The magnitude of two vectors p and q differ by 1. The magnitude of their resultant makes an angle of tan inverse ( 3 / 4 ) with p. The angle between p and q is
To find the angle between vectors p and q, we can use the dot product formula:
p·q = |p| |q| cosθ
Given that the magnitude of p and q differ by 1, we can assume |p| = |q| + 1.
Also, the magnitude of the resultant vector (let's call it r) makes an angle of tan^(-1)(3/4) with p. This means the dot product of r and p will be |r| |p| cosα, where α is the angle between r and p.

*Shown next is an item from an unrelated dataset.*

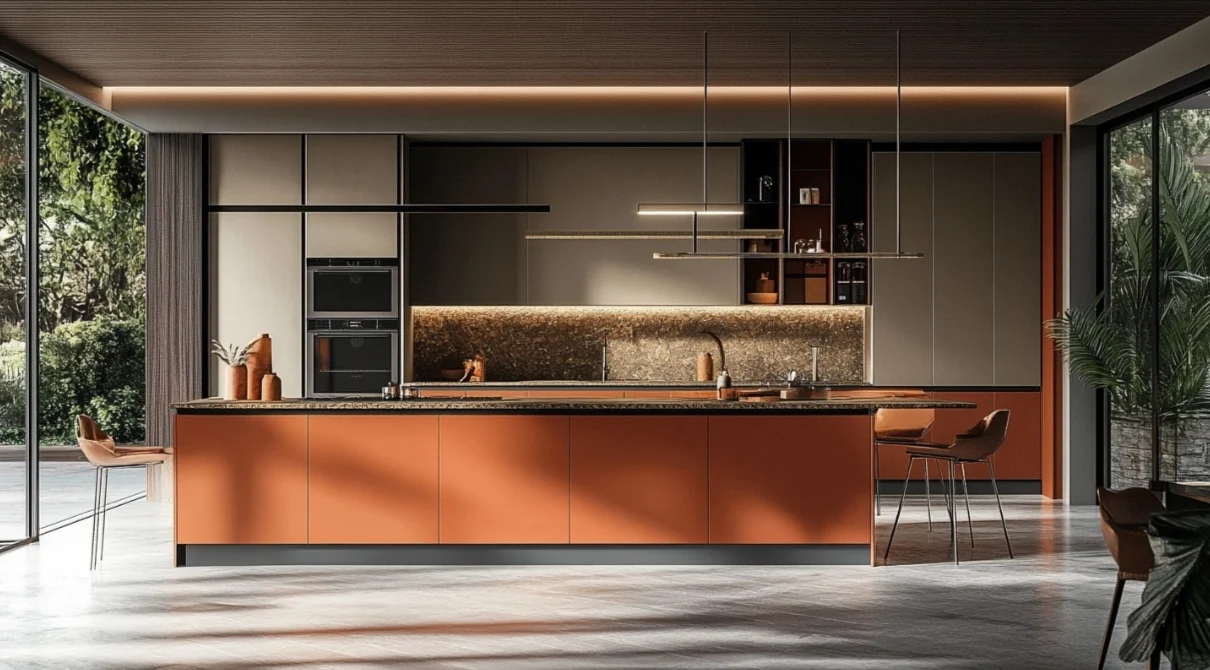 modern Orange kitchen cabients, Integrate neutral colors (like beige, taupe, or soft gray) into walls or decorative elements
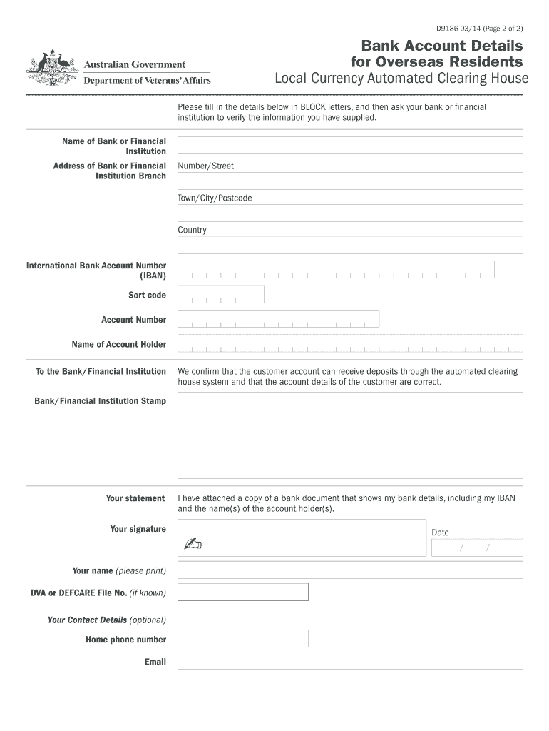 IMPORTANT D9186 03/14 (Page 1 of 2) Bank Account Details for Overseas Residents Local Currency Automated Clearing House Privacy notice Your personal information is protected by law, including the

Now, let's solve the problem step by step:
1. Start by using the dot product formula for r and p.
r·p = |r| |p| cosα
2. We know that |r| cosα = |q|, so the equation becomes:
|q| = |r| |p| cosα
3. Rewrite |q| as |p| - 1 (since |p| = |q| + 1):
|p| - 1 = |r| |p| cosα
4. Rearrange the equation to isolate cosα:
cosα = (|p| - 1) / (|r| |p|)
5. We can use the Pythagorean identity to find sinα:
sinα = √(1 - cos^2α)
6. Finally, the angle between p and q can be found using the formula:
θ = tan^(-1)(sinα / cosα)
Now, by substituting the given value tan^(-1)(3/4) for α and solving the equation, we will get the angle between p and q.
Let's assume the magnitude of vector p is represented as |p| and the magnitude of vector q is |q|. Given that the magnitude of vectors p and q differ by 1, we can express this as:
|p| = |q| + 1 (Equation 1)
We are also given that the magnitude of the resultant (R) of vectors p and q makes an angle of tan inverse (3/4) with p. Let's denote the angle between p and q as θ.
Now, let's analyze the given information and use it to find the angle θ.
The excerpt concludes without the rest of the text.